LabVIEW

cancel
Showing results for 
Search instead for 
Did you mean: 

How to read big files

Hi all,

 

I have a big text file (about 140MB) containing data I need to read and save (after analysis) to a new file.

The text file contains 4 columns of data (so each row has 4 values to read).

When I try to read all the file at once I get a "Memory full" error messags.

I tried to read only a certain number of lines each time and then write it to the new file. This is done using the loop in the attached picture (this is just a portion of the code). The loop is repeated as many times as needed.

The problem is that for such big files this method is very slow and If I try to increase the number of lines to read each time, I still see the PC free memory decending slowly at the performance window....

 

Does anybody have a better idea how to implement this kind of task?

 

Thanks,

Mentos.

0 Kudos
Message 1 of 15
(6,330 Views)

I would recommend reading the file in chunks (good size are about 10K) and process each chunk. It is possible that you will have left over data at the end of a chunk so you will need a shift regiaster to hold that last bit of data which will be prepended to the new chunk you read. if you need to process the data line by line do that after reading the large chunk and operate on the string data itself, not reading the file line by line.



Mark Yedinak
Certified LabVIEW Architect
LabVIEW Champion

"Does anyone know where the love of God goes when the waves turn the minutes to hours?"
Wreck of the Edmund Fitzgerald - Gordon Lightfoot
0 Kudos
Message 2 of 15
(6,326 Views)

Hi Mark,

 

Sorry for the late reply.

I tried your recommendations and it really works better.

I still have a slow descending of the free memory but I hope it won't be so crucial.
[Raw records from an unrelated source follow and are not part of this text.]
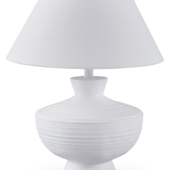 Exuding a casually cool sensibility, this table lamp is a bright idea whether it’s in a living space, bedroom or entry. The shapely base sports a vertical line pattern with a distressed finish that enhances its relaxed appeal.
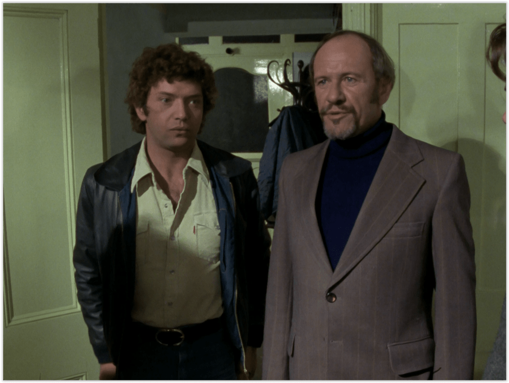 Chief among the guest stars here is Tony Booth, as ultra-racist estate agent and thug Dinny. Booth was already well-known to TV audiences as Alf Garnett’s “long-haired layabout” son-in-law Mike in Til Death Do Us Part, another anti-racism show whose message didn’t really work. Later, Booth would become famous in the rather more surprising capacity of being Tony Blair’s father-in-law.
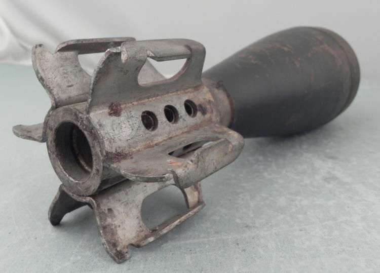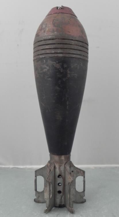 WWII 81MM-M17 MORTAR ROUND-12" TALL-MKD LLM-M17--A.C.C. 36 N.S.37 * * * 12" TALL-BODY AND TAILFIN IN GOOD CONDITION-WELL MARKED
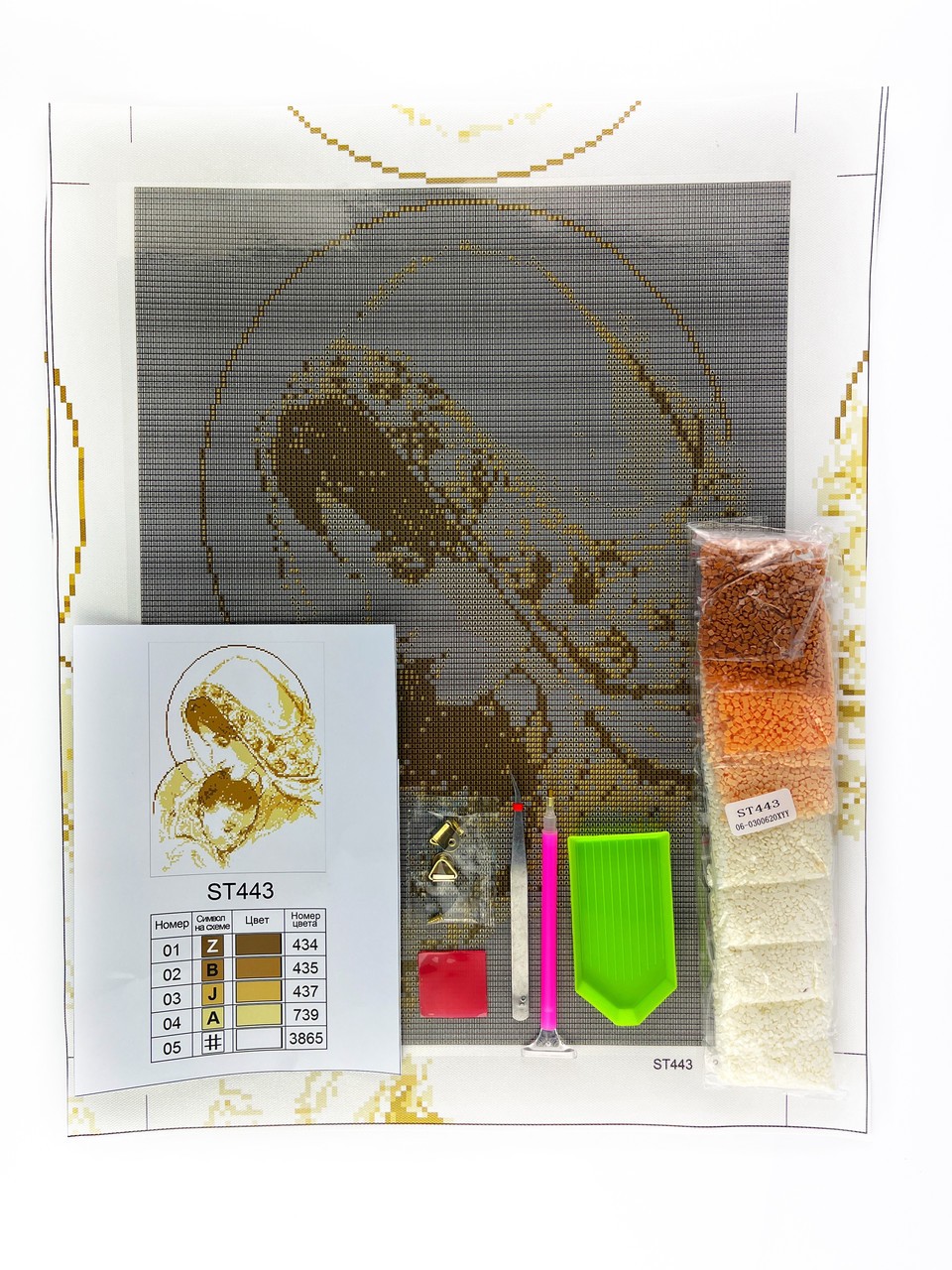 Набір алмазної вишивки 30х40 Ікона Діва Марія з Ісусом золота ST443
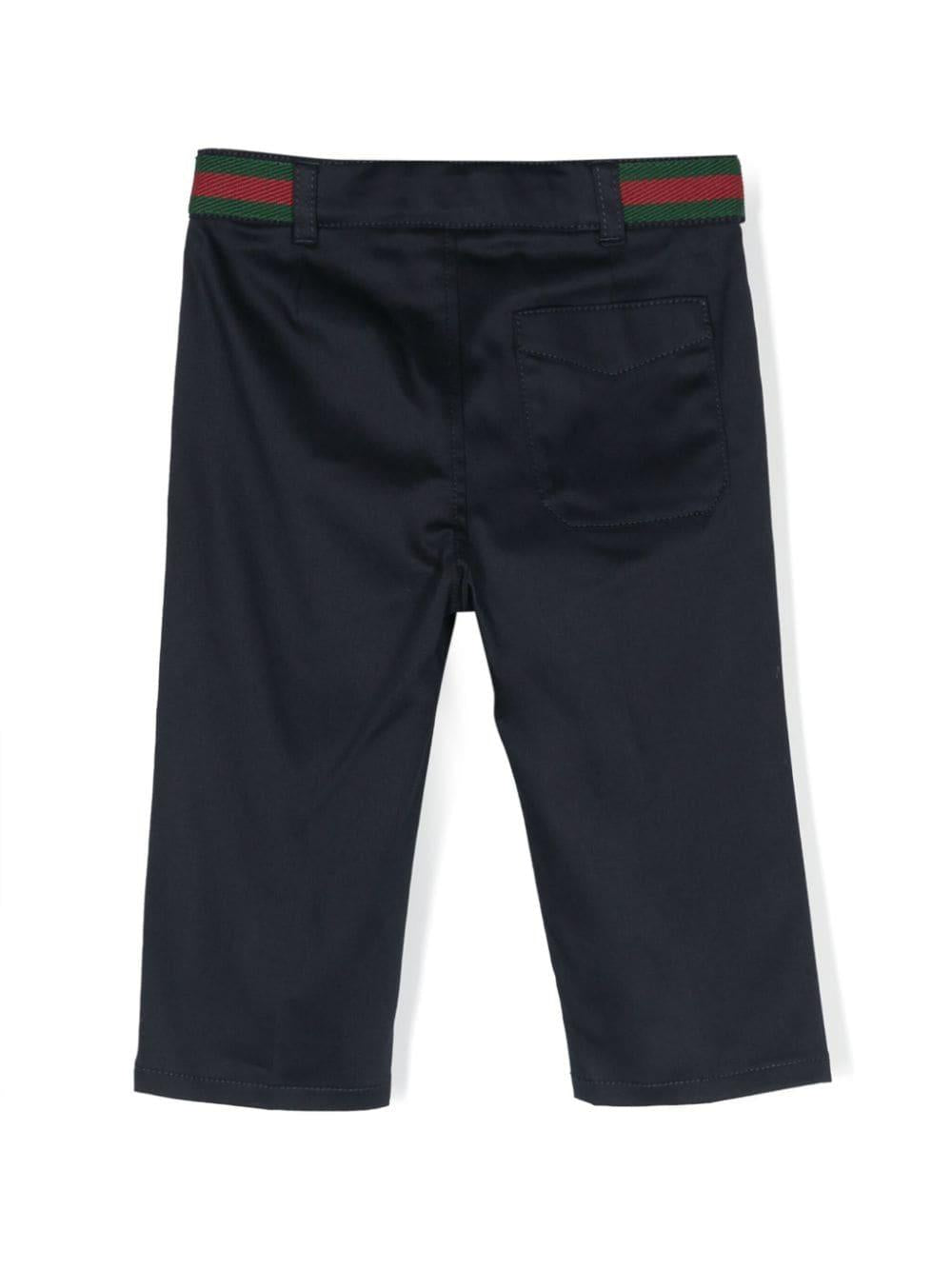 Pantalone blu navy in cotone elasticizzato per neonato con con bordo in nastro Web di Gucci Kids.
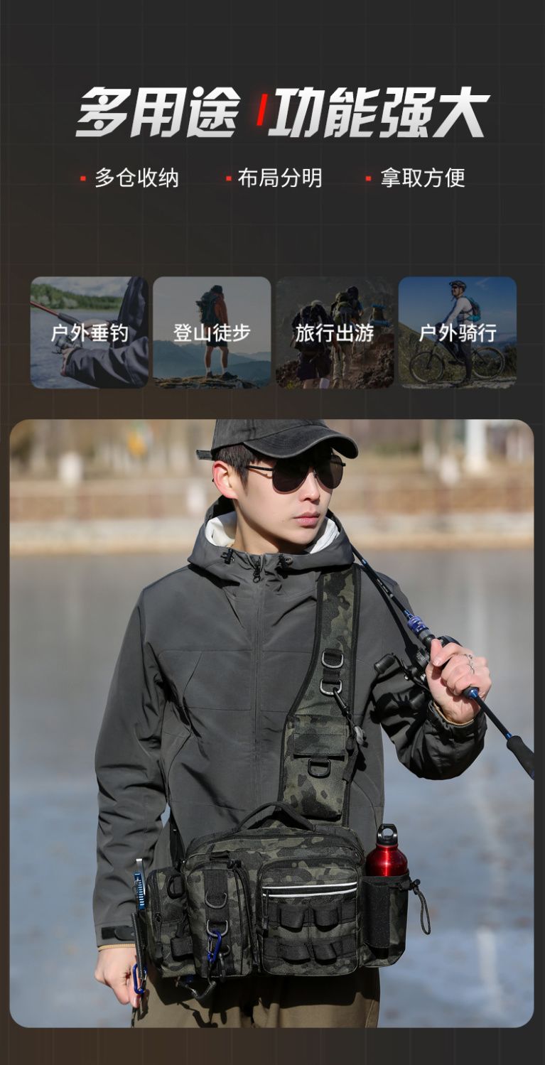 旅行大师多功能路亚胸包大腰包战术斜挎钓鱼垂钓包插杆包户外背包
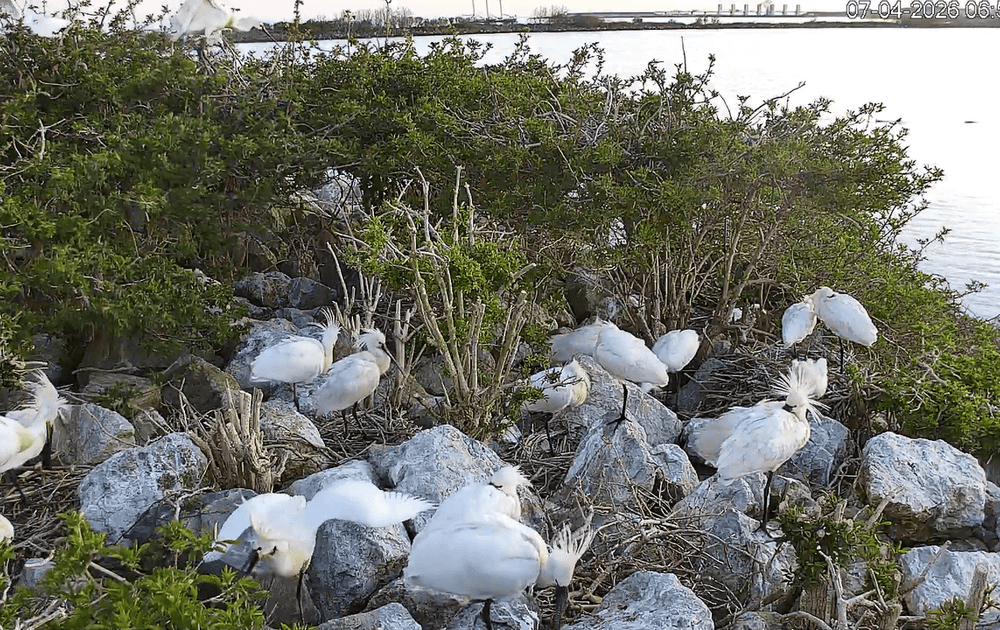 Het lijkt erop dat het drukker wordt bij de lepelaars; méér vogels vechten om de beste plek om te broeden. Alleen dat broeden ontbreekt tot op heden en de oorzaak is bekend: de nog steeds opduikende boommarter.
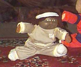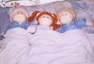| Yvonne Claudia (previously known as MaryEllen Blanche) shows off her new dress and bunnie pal at her adoptive home. | Here's Kyla Rue in her new Moon sleeper along site her sister Jade Rae. Aren't they adorable! |
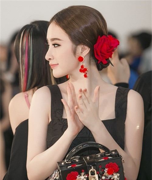Không chỉ chăm chút cho trang phục, cô còn quan tâm tới phụ kiện đi kèm cho mái tóc khiến tổng thể trở nên lộng lẫy.
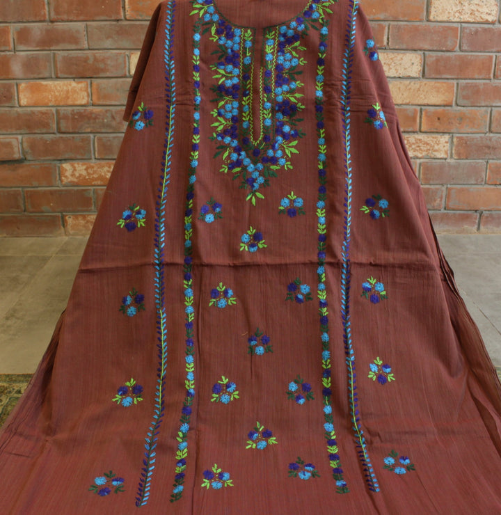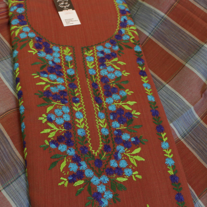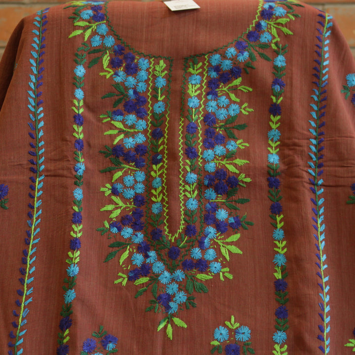 This hand-embroidered piece showcases vibrant, multi-colored detailing on the shirt, with intricate motifs adorning the sleeves. The back is left plain to create a balanced and elegant look. For durability and comfort, we recommend stitching it in a loose fit to prevent fabric stress. Crafted from soft, pure cotton, it requires gentle care—hand wash with mild detergent only. Please note, slight variations in color and design add to its uniqueness, ensuring every piece is one of a kind.
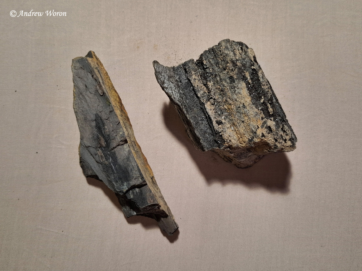 С этой знаменитой реки в республике Адыгея обычно, для коллекции, привозят плитки глаукоинта, на которых отпечатались следы древней жизни: рыбы, насекомые, растения. Но мне знакомые любители палеонтологии и геологии из города Хадыженска, прислали пару кусочков окаменелого дерева и несколько образцов местных пород и минералов. А за рыбаками и муравьями как-нибудь съезжу туда сам. К какому виду принадлежала эта углефицированная древесина определить, наверное, невозможно. Возможно лишь глубокий химический анализ и микроскопическое исследование древесины это скажет. Но мне это не важно. Главное с Пшехи теперь тоже есть пара кусочков. Минералы и породы, пришедшие вместе с окаменелым деревом. Не всё имеет какую-то особую ценность, но меня устраивает. Нечто белое. Пока не определил, но что-то среднее между кахолонгом и алебастром. Видны следы натёчности, и мягкий, как кальцит. Со временем разберусь. Два кусочка пшехского кварца для образца. Левый – с неплохой такой иризацией, правый – с мелки
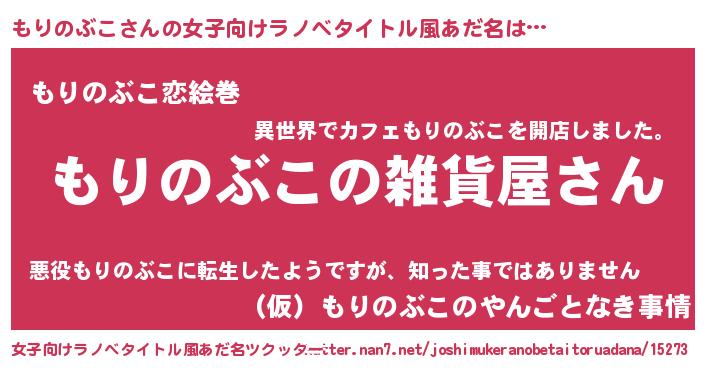 | 男性向けラノベタイトル風あだ名 | 『やはりもりのぶこの青春ラブコメはまちがっている 』 |
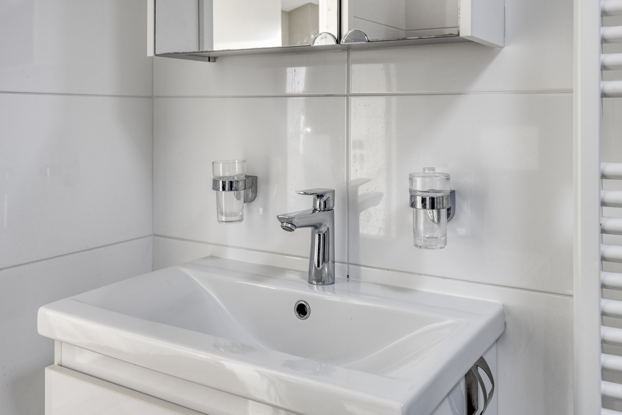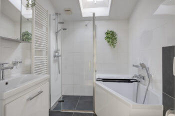 Zeer nette, moderne en goed onderhouden badkamer voorzien van strak tegelwerk en ventilatie zowel natuurlijk als mechanisch. Verder beschikt deze fraaie badkamer over een inloopdouche met glazen wanden en deur, een ligbad met handkraan, wandcloset en wastafelmeubel.

I'll have to do some more checking.

 

Thanks!

0 Kudos
Message 3 of 15
(6,294 Views)

Can you post your code? You shouldn't have any issues with memory if done correctly. However without seeing the code I can't really see what is wrong.



Mark Yedinak
Certified LabVIEW Architect
LabVIEW Champion

"Does anyone know where the love of God goes when the waves turn the minutes to hours?"
Wreck of the Edmund Fitzgerald - Gordon Lightfoot
0 Kudos
Message 4 of 15
(6,279 Views)

Your inner loop can be replaced with a Spreadsheet string to array.

 

/Y

G# - Award winning reference based OOP for LV, for free! - Qestit VIPM GitHub

Qestit Systems
Certified-LabVIEW-Developer
0 Kudos
Message 5 of 15
(6,265 Views)

Hi Mark & Yamaeda,

 

I made some tests and came up with 2 diffrenet aproaches - see vis & example data file attached.

The Read lines aproach.vi reads a chunk with a specified number of lines, parses it and then saves the chunk to a new file.

This worked more or less OK, depending on the dely. However in reality I'll need to write the 2 first columns to the file and only after that the 3rd and 4th columns. So I think I'll need to read the file 2 times - 1st time take first 2 columns and save to file, and then repeat the loop and take the 2 other columns and save them...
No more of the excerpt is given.